FAQ

Q. What is drug addiction?

A. Addiction is defined as a chronic, relapsing brain disease that is characterized by compulsive drug seeking and use, despite harmful consequences. It is considered a brain disease because drugs change the brain—they change its structure and how it works. These brain changes can be long-lasting, and can lead to the harmful behaviors seen in people who abuse drugs.

Addiction is a lot like other diseases, such as heart disease, in that both disrupt the normal, healthy functioning of the underlying organ, have serious harmful consequences, and are preventable and treatable, but if left untreated, can last a lifetime.

The path to drug addiction begins with the voluntary act of taking drugs. But over time, a person’s ability to choose not to do so becomes compromised. Seeking and taking the drug becomes compulsive. This is mostly due to the effects of long-term drug exposure on brain function. Addiction affects parts of the brain involved in reward and motivation, learning and memory, and control over behavior.

Addiction is a disease that affects both the brain and behavior.

Q. Can drug addiction be treated?
A. Yes, but it’s not simple. Because addiction is a chronic disease, people can’t simply stop using drugs for a few days and be cured. Most patients need long-term or repeated care to stop using completely and recover their lives.

Addiction treatment must help the person do the following:

  • stop using drugs
  • stay drug-free
  • be productive in the family, at work, and in society

Q. What are the principles of effective treatment?
A. Based on scientific research since the mid-1970s, the following key principles should form the basis of any effective treatment program:

  • Addiction is a complex but treatable disease that affects brain function and behavior.
  • No single treatment is right for everyone.
  • People need to have quick access to treatment.
  • Effective treatment addresses all of the patient’s needs, not just his or her drug use.
  • Staying in treatment long enough is critical.
  • Counseling and other behavioral therapies are the most commonly used forms of treatment.
  • Medications are often an important part of treatment, especially when combined with behavioral therapies.
  • Treatment plans must be reviewed often and modified to fit the patient’s changing needs.
  • Treatment should address other possible mental disorders.
  • Medically assisted detoxification is only the first stage of treatment.
  • Treatment doesn’t need to be voluntary to be effective.
  • Drug use during treatment must be monitored continuously.
  • Treatment programs should test patients for HIV/AIDS, hepatitis B and C, tuberculosis, and other infectious diseases as well as teach them about steps they can take to reduce their risk of these illnesses.
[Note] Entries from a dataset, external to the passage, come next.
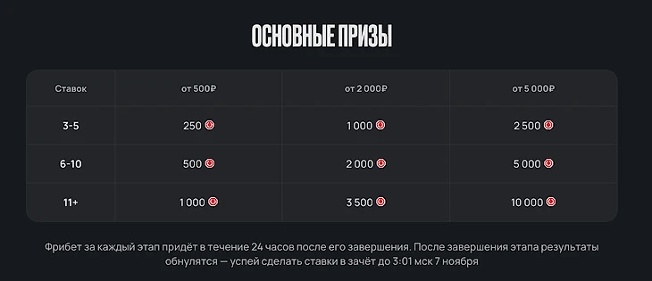 Фрибеты из всех категорий суммируются, позволяя получить до 14 500 рублей за один этап. Важно отметить, что в акции не участвуют ставки, сделанные за бонусные средства, а также возвращенные, отмененные или проданные пари. Каждая ставка учитывается только после ее расчета и только в том этапе, в котором была заключена.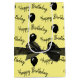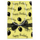 Grattis på födelsedagen text med svart skal och svarta ballonger på gultens bakgrund. Bakgrund färg och text kan redigeras.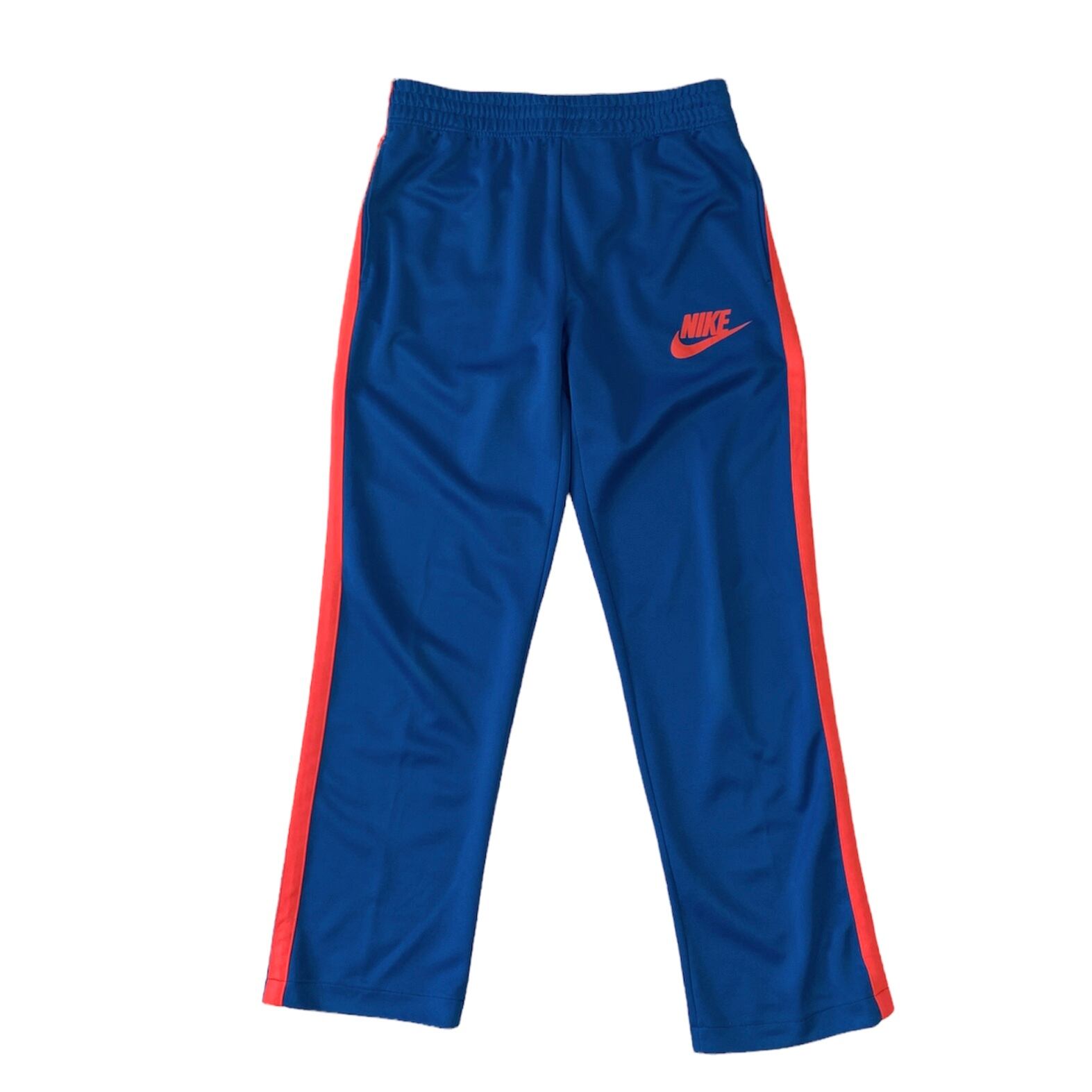 1044. NIKE side-lined jersey ブルー×レッド ジャージー イージーパンツ トラックパンツ サイドライン 側章 ナイキ スウォッシュ 古着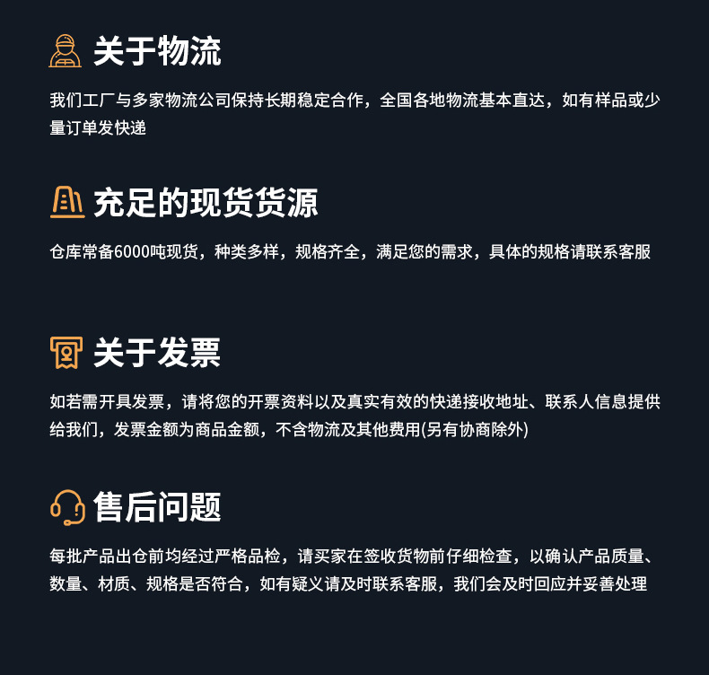 1.钢材市场波动较大、变化快,店铺价格可供参考,为了保障您的利益,拍单请提前和客服联系确定材质/价格/规格尺寸等相关信息,若无沟通直接下单的订单则视为无效订单,感谢您的理解与支持!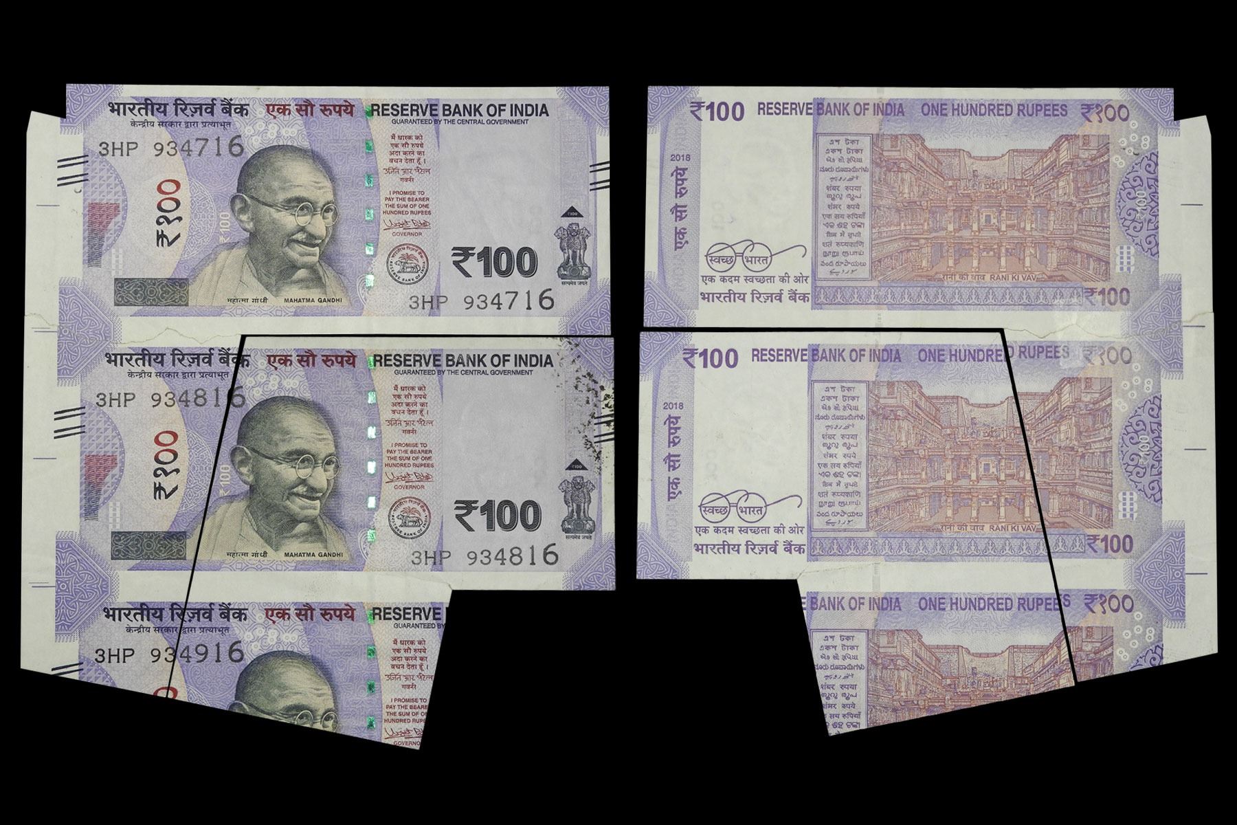 Reserve Bank of India, Hundred Rupees, 2018 Signed by Urjit Patel, (3HP 934716, 3HP 934816 and 3HP

Q.  How are medications used in drug addiction treatment?
A.  Medications can be used to manage withdrawal symptoms, prevent relapse, and treat co-occurring conditions.

Withdrawal. Medications help suppress withdrawal symptoms during detoxification. Detoxification is not in itself “treatment,” but only the first step in the process. Patients who do not receive any further treatment after detoxification usually resume their drug use. One study of treatment facilities found that medications were used in almost 80 percent of detoxifications (SAMHSA, 2014).

Relapse prevention. Patients can use medications to help re-establish normal brain function and decrease cravings. Medications are available for treatment of opioid (heroin, prescription pain relievers), tobacco (nicotine), and alcohol addiction. Scientists are developing other medications to treat stimulant (cocaine, methamphetamine) and cannabis (marijuana) addiction. People who use more than one drug, which is very common, need treatment for all of the substances they use.

Q.  What Kind of treatment services are offered through IOP’s?

A.  We offer intensive outpatient treatment services which include a wide variety of programs for patients. Most of the programs involve individual or group drug counseling, or both. These programs typically offer forms of behavioral therapy such as:

  • cognitive-behavioral therapy, which helps patients recognize, avoid, and cope with the situations in which they are most likely to use drugs
  • multidimensional family therapy—developed for adolescents with drug abuse problems as well as their families—which addresses a range of influences on their drug abuse patterns and is designed to improve overall family functioning
  • motivational interviewing, which makes the most of people’s readiness to change their behavior and enter treatment
  • motivational incentives (contingency management), which uses positive reinforcement to encourage abstinence from drugs
  • Treatment is sometimes intensive at first, where patients attend multiple outpatient sessions each week. After completing intensive treatment, patients transition to regular outpatient treatment, which meets less often and for fewer hours per week to help sustain their recovery.